Anyhow, yesterday I was able to buy 10 Muscovy ducklings of the same age as those I lost. I put them in with the others and the hens last night, but I noticed when I went to close everyone up that the new bunch were sleeping together on the floor next to the nest box, rather than in it. Being fairly new at this, I didn't think it mattered, but this morning the new ones didn't follow the hens and their ducklings outside. Some did but then started wandering around looking lost. Eventually, with a neighbor's help, I was able to catch all 10 (whew!) and have kept them in the coop all day in the nest box, hoping the smell will rub off on them and get the hens to accept them.

Sorry to be so longwinded....any help or suggestions would be much appreciated.


----------



## KSALguy (Feb 14, 2006)

its not the hen not accepting them its that the new ducklings dont know what to do, i would bet they were hatched in an incubator or at the very least taken away from their mother very soon after hatching to be put in a brooder, they just dont know what they are supposed to do, hatchery chicks often do the same thing when put under a broody hen, you have to keep them all cooped up togather long enough for everyone to figure it out, 

also its best to keep a new hen and her brood cooped up safe for at least a week or so before letting them out to roam because the babies are just too small to keep up in the big wide world especially if there are lots of tall grass or weeds, a preditor may have gotten them but mostlikely they just got lost and couldnt keep up


----------



## GrannieD (Sep 13, 2003)

You best become mama duck or you will lose the new ducklings..If they were incubator hatched they won't become duck hatched babies no matter what you do..Each bird talks to their eggs & babies as they hatch so there is a natural bond .. Also crows get baby birds out with their parents & may be the reason you lost yours..Cats also are a danger..Good luck..they'll grow fast & will then "talk" duck & join their own kind.. Enjoy !!! GrannieD


----------



## chickenista (Mar 24, 2007)

I had a hen hatch out a group of ducklings early this spring. 2 were just not fast or strong enough to keep up.
So.. I brought them in a raised them up until they were a bit stronger.

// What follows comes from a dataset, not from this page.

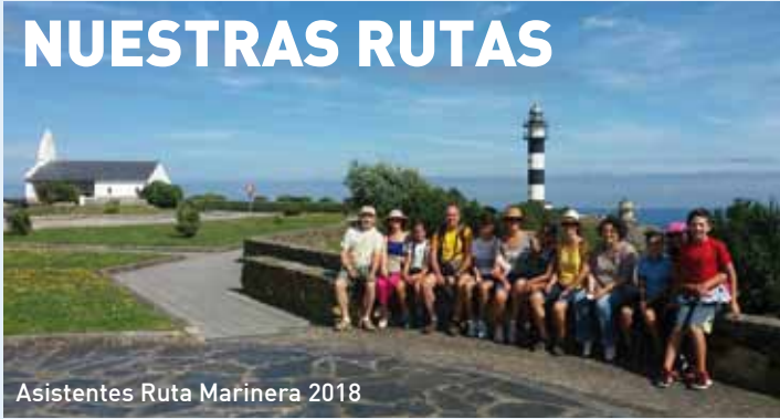
Asistentes Ruta Marinera 2018

Un año más, la Concejalía de Turismo plantea la realización en período estival de dos rutas guiadas y gratuitas destinadas a dar a conocer la belleza cultural y paisajística de nuestro municipio a vecinos, visitantes y turistas que deseen acudir, sin necesidad de inscribirse previamente.

She wasn't having them back. No way.
I would take them out to the yard and near where the other ducklings were (their siblings) and she would try to kill them. (then the black snake ate one and she would try to kill the remainder) She would pick them up by the neck and try to snap their necks by shaking them. Lovely.
As they got older, the other ducklings picked up on the hen's vibe and would also attack.

At about 2 months of age, maybe three.. whenever they were large and very duck-y..
I would take the duckling out and 'force' it to hang out near the other ducks.
Over time they began to accept her.
Now she is a full member of the flock and has a position of power because she can 'relate to those that feed'. We will speak to the ducks, they will turn and look at her to see her responce etc..
it is pretty awesome!!
Oh.. and they think she is the bravest duck ever because she will come and take bread straight from the hands of 'those that feed'.


----------



## wolffeathers (Dec 20, 2010)

I have had a lot of luck with surrogating youngsters onto other mothers, often different species. Ducklings onto chickens and sometimes chicks onto mallard-derived ducks(all contained away from the pond of course).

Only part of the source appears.